Dia mengakui, sejak kecil lemah terhadap mata pelajaran ilmu-ilmu dasar seperti matematika dan Ilmu Pengetahuan Alam (IPA). Namun dia sangat menyukai sastra dan filsafat. "Bayangkan, saat anak di usia SMA senang nonton film Catatan Si Boy, saya malah mengejek mereka anak kapitalis. Bacaan saya saat itu Nietze, Karl Marx, IIvan Irlich, dan buku filsafat," ujarnya.
Kecintaan Hanung terhadap dunia seni peran dirasakan sejak masih belia. Hanung sangat menyukai dunia teater. Hal itu dinyatakan Hanung dalam status sosial medianya. “Pas awal masuk SMA, aku bilang sama bapak, ‘aku mau pindah sekolah. Di sekolahku sekarang ngak ada ekskul teater.' Sambil tiduran nonton TV, bapak bilang, ‘Cah Pekok (bocah cemen)! Kalo ndak ada ekskul yang kamu suka, bikin sendiri. Ajak temen-temenmu. Jangan manja. Jangan jadi orang cuma bergantung fasilitas!,” dia mengenang.
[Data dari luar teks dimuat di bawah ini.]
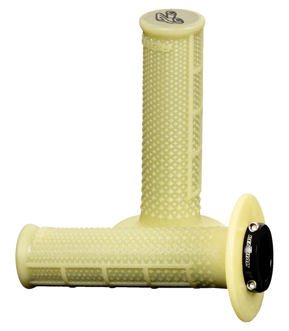 MX R-Works Lock-On GripsLock-on grip is fit for installation on any aftermarket handlebar without the need for modification while retaining full clamping forceTwin split collar design means you are able to slide the clutch side grip over any knurled MX handlebars without any sanding or modification, ensuring the clamp is permanently bonded to the gripEach pair of grips comes with a set of 6 throttle cams; cams cleanly snap on with a simple press fitment design and provide smooth throttle actionTuff-End Tech provides 4 mm thick solid plastic end caps with a premium and vibrant Renthal ‘R’ logo to minimize damage that can incur during a crash or tip over, allowing you to finish your ride or race without failure
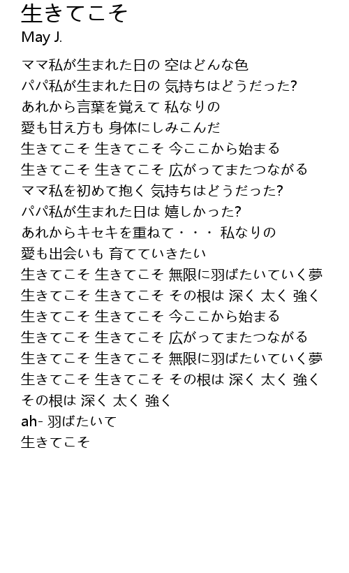 | 生きてこそ 生きてこそ 無限に羽ばたいていく夢 | |
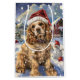This festive design captures the joyful spirit of the holiday season, featuring an adorable pup wearing a Santa hat. The dog is nestled in a winter wonderland, complete with a snowman, a decorated Christmas tree, and beautifully wrapped presents. Snowflakes gently fall, adding a magical touch to the scene, while the vibrant colours of the holiday decorations create a warm and cheerful atmosphere.
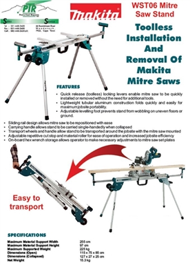 Quick release (toolless) locking levers enable mitre saw to be quickly installed or removed without the need for additional tools.Lightweight tubular aluminum construction folds quickly.Adjustable levelling foot
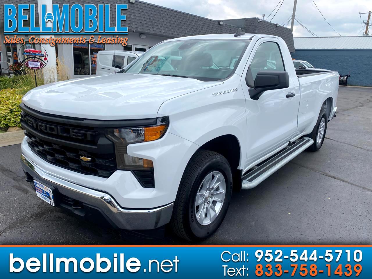 This One Owner, Low Mileage, 2024 Chevrolet Silverado 1500 Reg. Cab. Pickup 2WD is equipped w/White Exterior w/Jet Black Cloth Interior, 5.3L V8 Engine w/Push Button Start, Automatic Transmission w/Overdrive, Air Conditioning, Cruise Control, Tilt, AM/FM/AUX Stereo Radio, Bluetooth, Apple Car Play, Android Auto, Power Windows, Locks, Mirrors, Anti-Lock Brakes, Rear Vision Camera, Remote Keyless Entry, Plus all Standard Options, Plus More. Well Maintained & Serviced. SERVICE RECORDS Available on CARFAX.Com. Free CARFAX Vehicle History Report Available Upon Request. Balance of GM Factory Warranty. Call for More Details! Financing Available with Approved Credit. BellMobile Sales & Leasing, The Place for Buying, Selling, and Leasing Vehicles! Visit BellMobile Inc. online at www.bellmobile.net to see more pictures of this vehicle or call us at 952-544-5710 today to schedule your test drive!
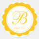 Este versátil diseño es perfecto como pegatina, sello para sobres y mucho más. Este diseño presenta un círculo de vieiras amarillas y blancas con un monograma de una sola letra y gracias en el centro. Por favor, no dudes en contactarme a través de la función de mensaje si necesitas ayuda con este diseño o si quieres añadir una personalización diferente. O puedes contactarme por correo electrónico en zazzlestores@yahoo.com.
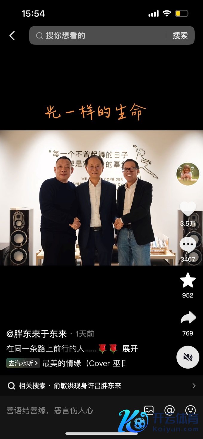 2月26日,于东来在酬酢媒体共享了与新东方创举东谈主俞敏洪、物好意思集团创举东谈办法文中三东谈主的合影,并配文称“在消失条路向前行的东谈主”。
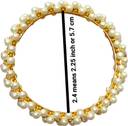 The bangle is a bracelet that is worn on the upper arm. It is made with pearls and has a traditional design that matches the other pieces in the set.

Enam bulan kemudian ekskul teater berdiri. Dia bersyukur masih sempat menunjukkan prestasi ke kepala sekolah. “Sampe sekarang, nasehat bapak selalu terngiang. Nasehat yang ngingetin aku buat selalu mencipta, bukan sekadar nikmatin fasilitas,” ujarnya. “Di atas pusara bapak aku cuma bisa bilang, ‘Matur nuwun, bapak.”
Mona Ratuliu juga memberikan apresiasi kepada Kemendikbudristek karena secara tegas melarang seluruh satuan pendidikan Sekolah Dasar di Indonesia melakukan tes calistung dalam penerimaan siswa baru. "Pengalaman saya sebagai ibu yang punya anak PAUD yang ingin anaknya sekolah di SD terbaik akhirnya memaksa anak untuk belajar keras menguasai calistung. Kadang anak sampai nangis karena dipaksa bisa berhitung," ujar artis ibu tiga anak ini.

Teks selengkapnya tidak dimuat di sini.